At the heart of these models is a hybrid SSM-Transformer architecture that combines Transformer and Mamba layers with a Mixture-of-Experts approach. This innovative design allows Jamba models to process vast amounts of information with exceptional speed and accuracy. Jamba models are up to 2.5X faster than competitors in their size class, making them ideal for tasks that require the processing of extensive data, such as financial analysis, document summarization, and customer service applications.
The standout feature of the Jamba 1.5 family is its impressive 256K token context window (about 800 pages of text), currently the largest available among open models today. This expansive context enables the models to handle complex tasks like document analysis and multi-step reasoning with unprecedented effectiveness. By eliminating the need for constant data chunking, the Jamba 1.5 models reduce both time and cost, while boosting performance for Retrieval-Augmented Generation workflows.
Jamba 1.5 Mini is the strongest open model in its size class with a score of 46.1 on the Arena Hard benchmark, surpassing larger models like Mixtral 8x22B and Command-R+. Jamba 1.5 Large, with a score of 65.4, outpaces both Llama 3.1 70B and 405B.
Both models demonstrate superior speed, with Jamba 1.5 Large outperforming competitors like Llama 3.1 70B and Mistral Large 2 in end-to-end latency tests at 10K contexts. For large context windows, it proved twice as fast as competitive models.
The Jamba 1.5 models are designed with developers in mind, supporting features such as function calling, JSON mode, and structured document objects. This makes them particularly well-suited for building Agentic AI systems and Retrieval-Augmented Generation workflows.
The hybrid architecture underlying these models uses a combination of Mamba and Transformer layers to manage long contexts more efficiently. This approach, combined with AI21’s proprietary ExpertsInt8 quantization technique, allows Jamba models to maintain high performance without sacrificing memory or speed—making them resource-efficient even with large-scale deployments.

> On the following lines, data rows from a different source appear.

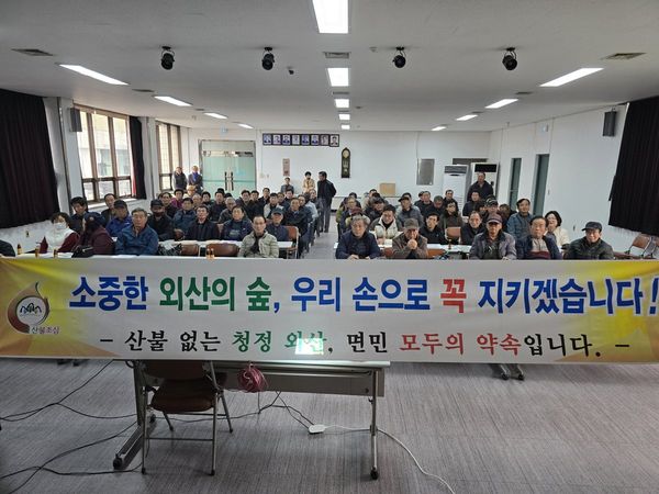 한편 외산면은 지난 3일부터 23개 마을을 직접 찾아다니며 찾아가는 산불 예방 교육 을 실시하며 마을 주민들에게 초동 진화 신고 방법 대피요령 등 산불 예방과 관련한 교육을 추진하고 있다.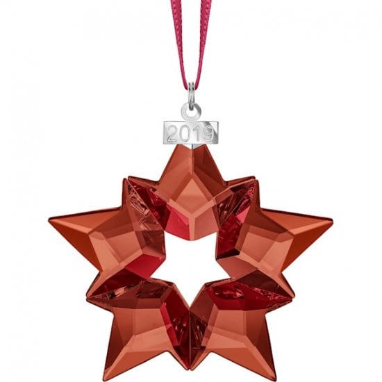 ヒイラギの実とサンタの服のカラーにインスパイアされて、人気の年度限定作品のオーナメントに鮮やかなレッドバージョンが登場しました。光沢のあるメタルタグに「2019」の文字が刻印された、今年のみご購入いただけるアイテムです。サテンエフェクトでアクセントを加えたマグマカラーのクリスタルに約90面のファセットを施し、暖かな魅力のある星形のデザインに仕上げました。レッドのサテンリボンつきなのでツリーや窓辺、テーブルに飾ることができます。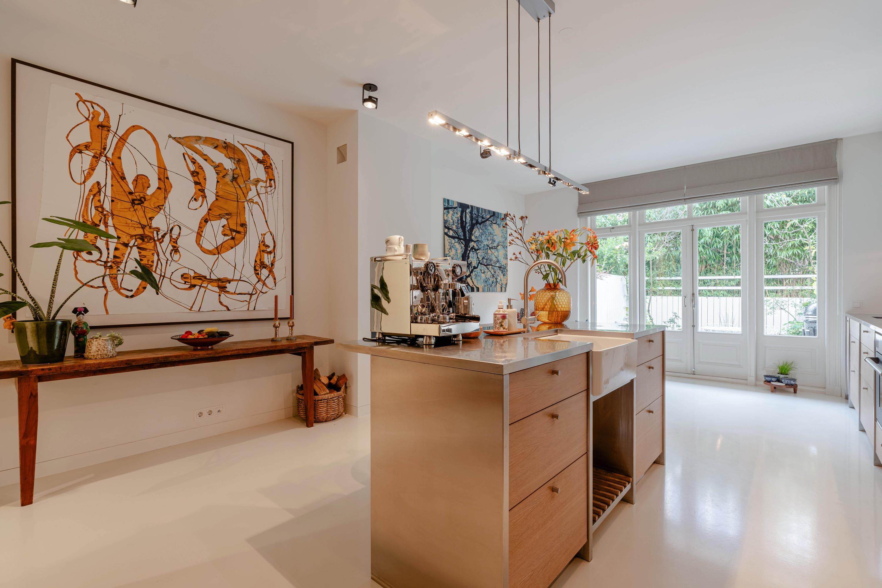 At the centre of the room sits a substantial island with an inviting bar arrangement, perfect for both casual dining and entertaining. Adjacent to the kitchen is a practical pantry suitable for storing provisions and kitchen equipment. French doors open onto the covered terrace and the sunny south-facing garden. The garden acts as a natural extension of the kitchen, effectively doubling the living space during warmer months. Built-in cabinets and a guest toilet are also present on this floor. The contemporary finish of the kitchen contrasts elegantly with the more classical elements found on the upper levels.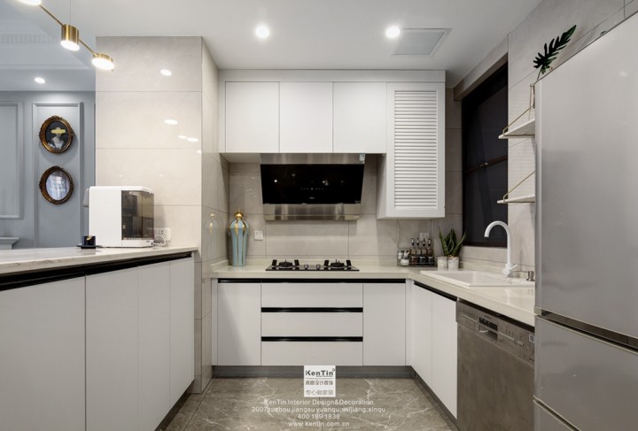 屋主希望自己的房子采光充足,明亮、實(shí)用、個(gè)性??紤]到這些因素,白色元素是一樓墻面和櫥柜最多運(yùn)用的色彩。簡單,時(shí)尚,清爽,自由。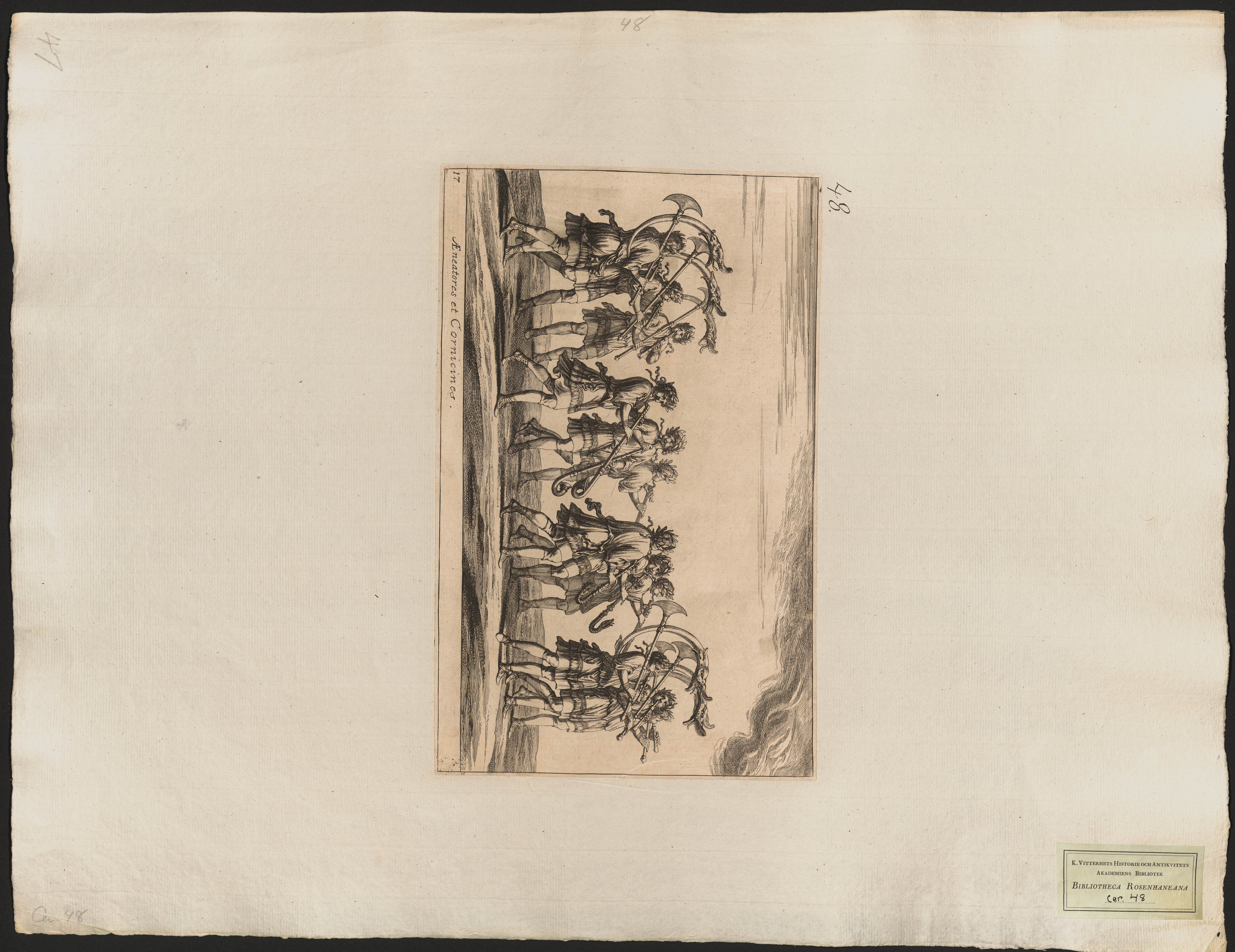 Beskrivning: 1 grafiskt bl. : Tolv horn- och basunblåsare i romerska dräkter.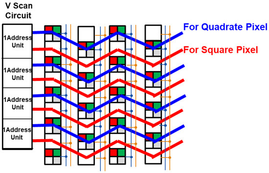 As shown in Figure 11, the drive lines for the quadrate–square pixel are output from a single vertical scanning drive circuit as a pair with these two. The blue line is a set of drive lines for driving the Quadrate Pixel. The red line is a set of drive lines for driving the Square Pixel. Since quadrate–square pixels are staggered, the drive wiring layout is also connected in a zigzag pitch in the H direction. However, the wiring layout is designed so that the respective drive signals of quadrate–square pixels do not interfere with each other’s nodes.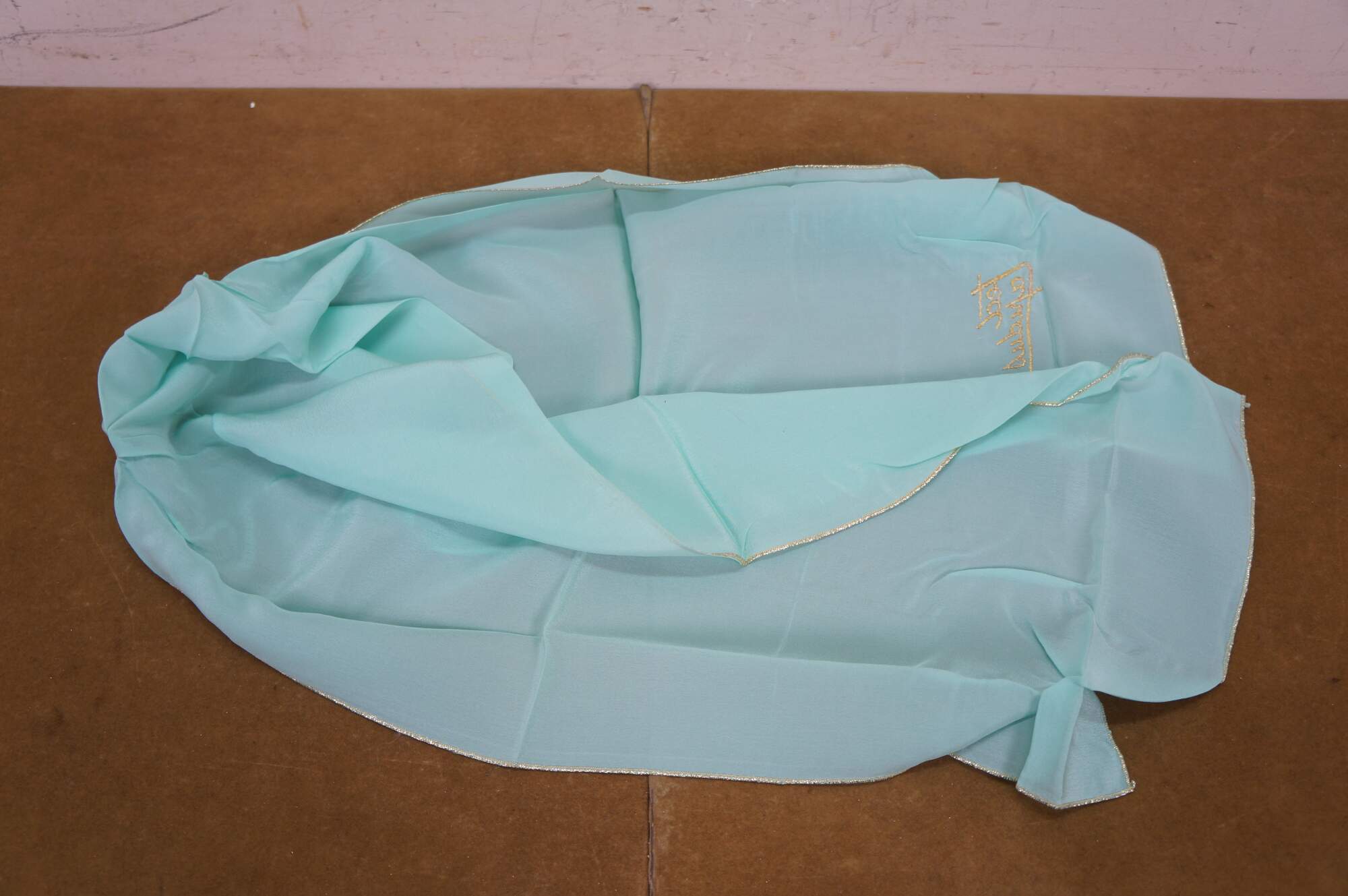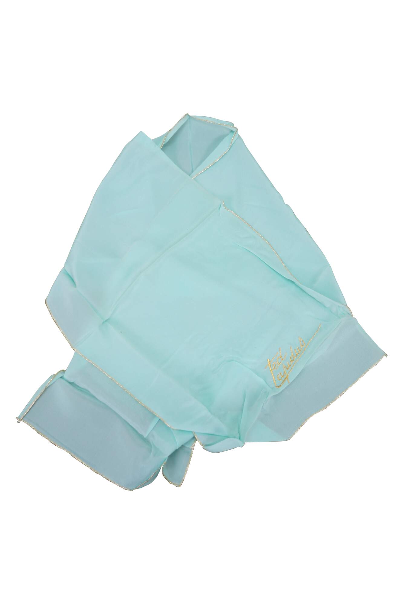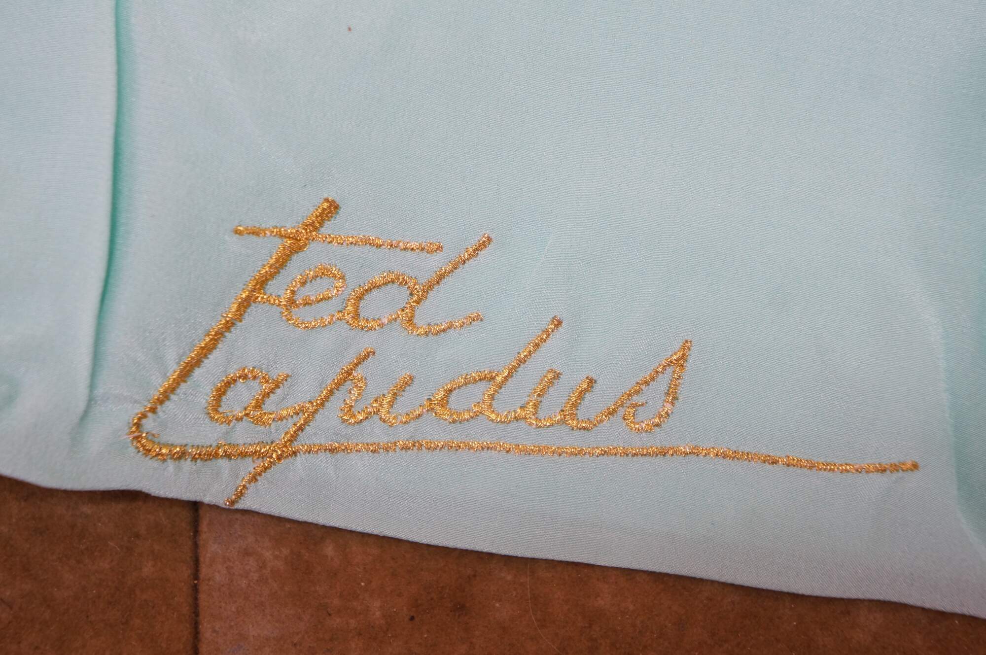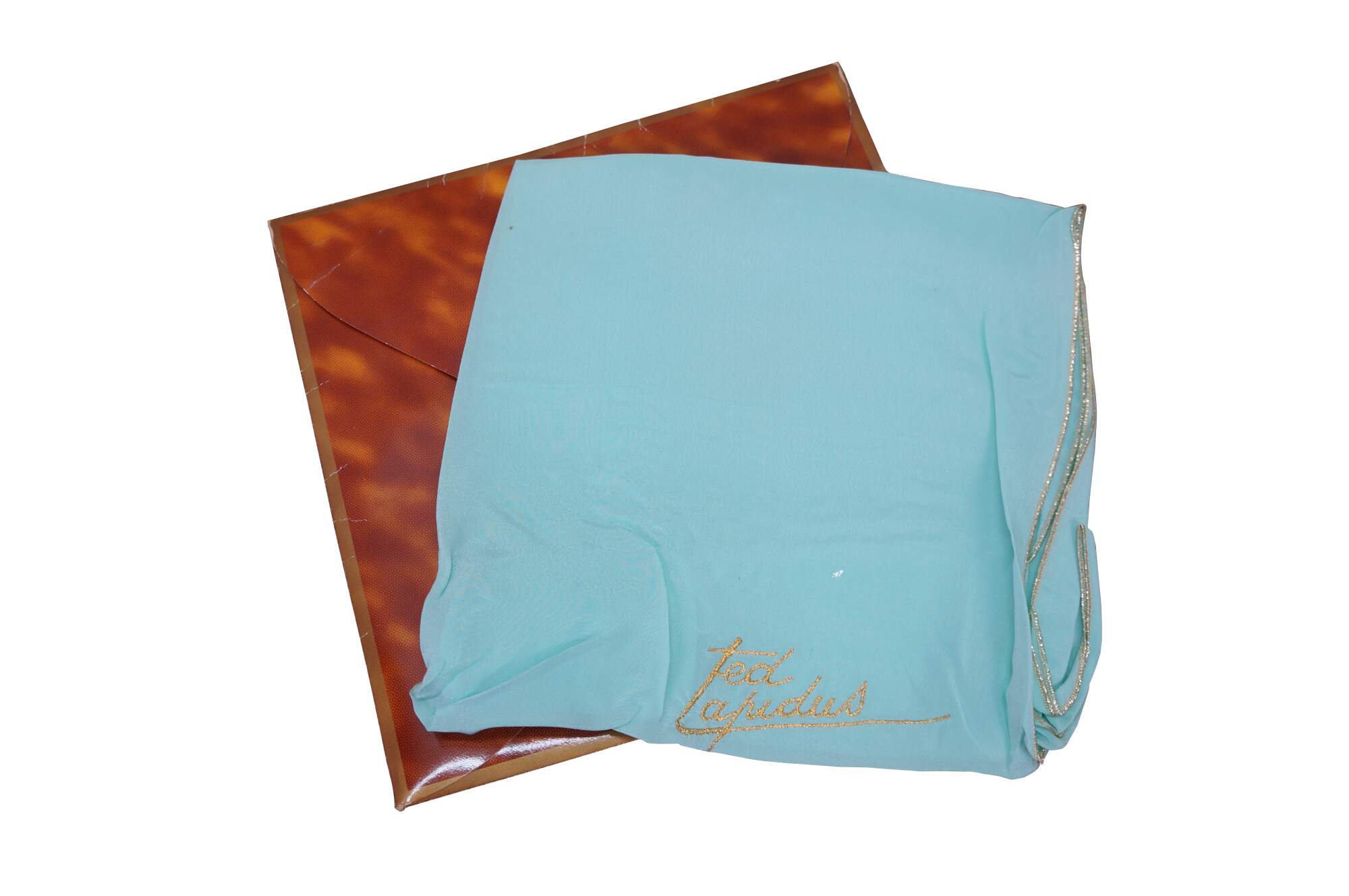 Vintage Ted Lepidus silk turquoise gold stitch scarf with name in cursive script and original packaging.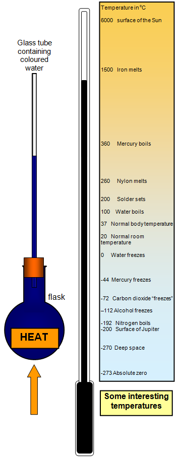 expansion of the liquid is "magnified" by allowing it to expand up a very narrow tube. A small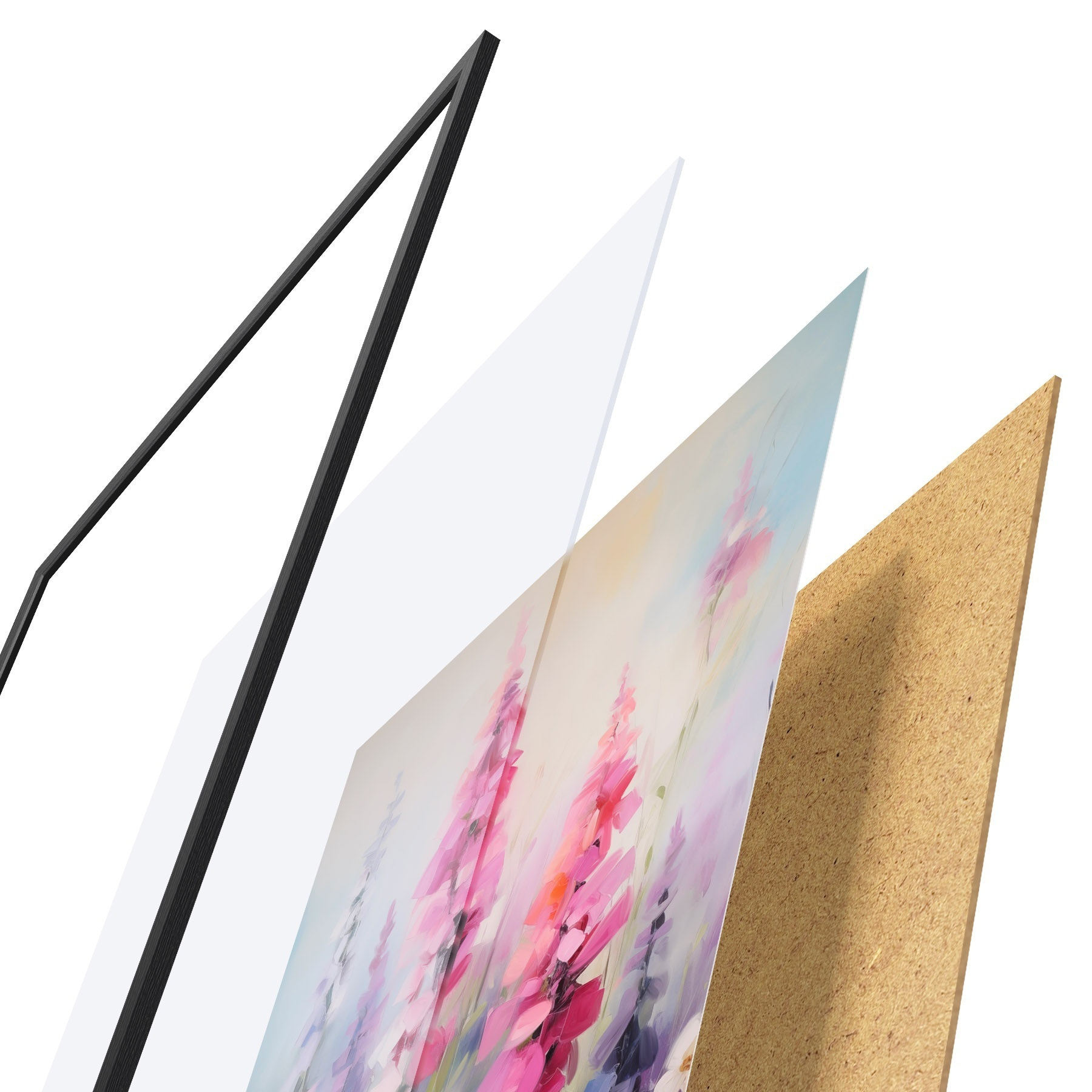 Plagát sa skladá z rámu, plexiskla, vytlačeného obrazu a podkladu z drevotriesky. Plagát možno okamžite zavesiť na stenu vďaka úchytom na zadnej strane.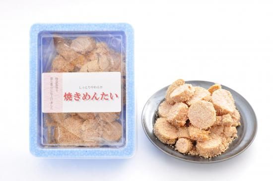 辛子調味液でじっくり煮込み、旨味をしっかり中まで染み込ませた後、表面をこんがりと焼き上げた「焼き明太」。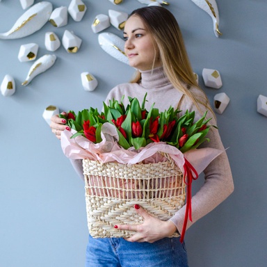 - Квіти в плетеній сумці "51 червоний тюльпан"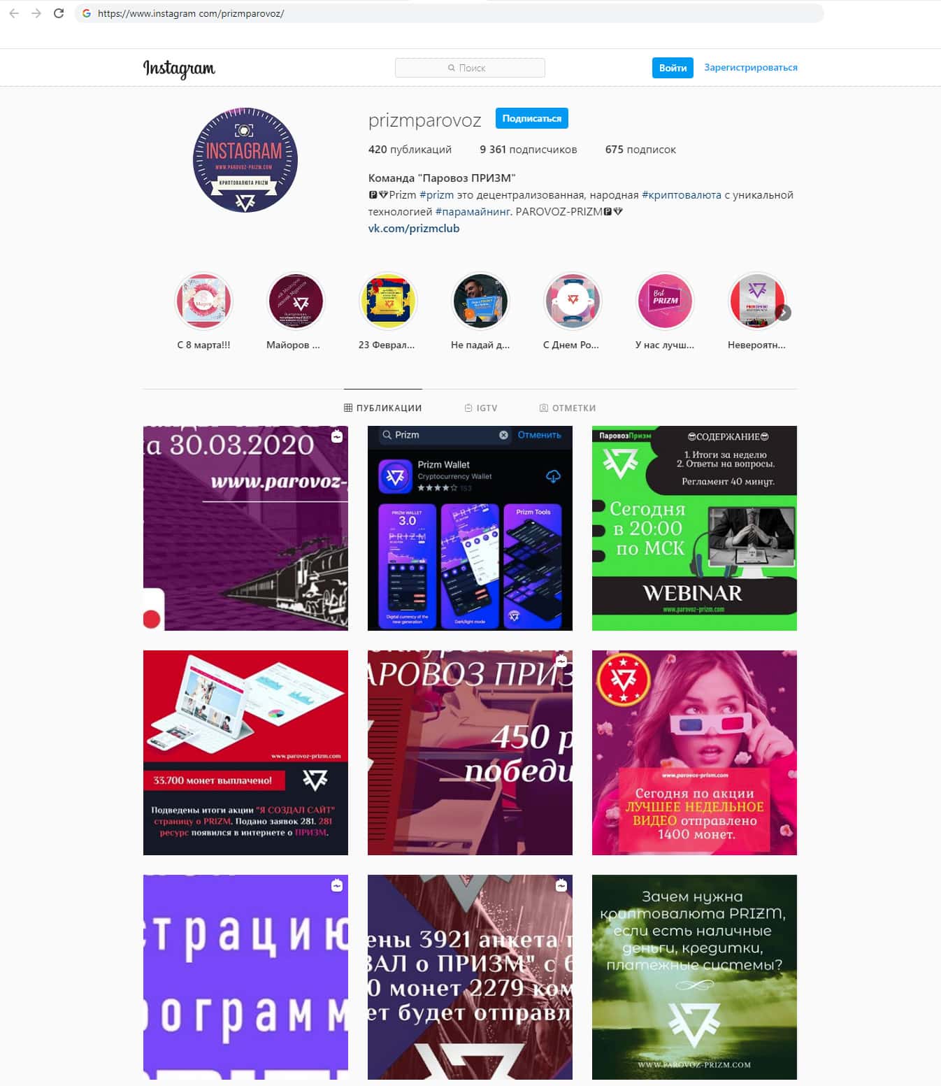 Самый популярный фотохостинг в мине - инстаграмм, так же не остался без внимания аферистов Паравоз Призм. Там они набрали 9361 подписчика. Это очень странная цифра, так как она совпадает с другими аккаунтами компании в социальных сетях. Видимо разводилы заплатили за одинаковое число подписчиков на всех социальных сетях.

The Jamba 1.5 models are available on multiple platforms, including AI21 Studio, Google Cloud Vertex AI, Microsoft Azure, and NVIDIA NIM, with plans for broader distribution across Amazon Bedrock, Databricks, and other major providers. The models are also available for private on-prem deployments. This accessibility should allow developers to quickly integrate these models into their systems with ease, using familiar tools like LangChain and Hugging Face.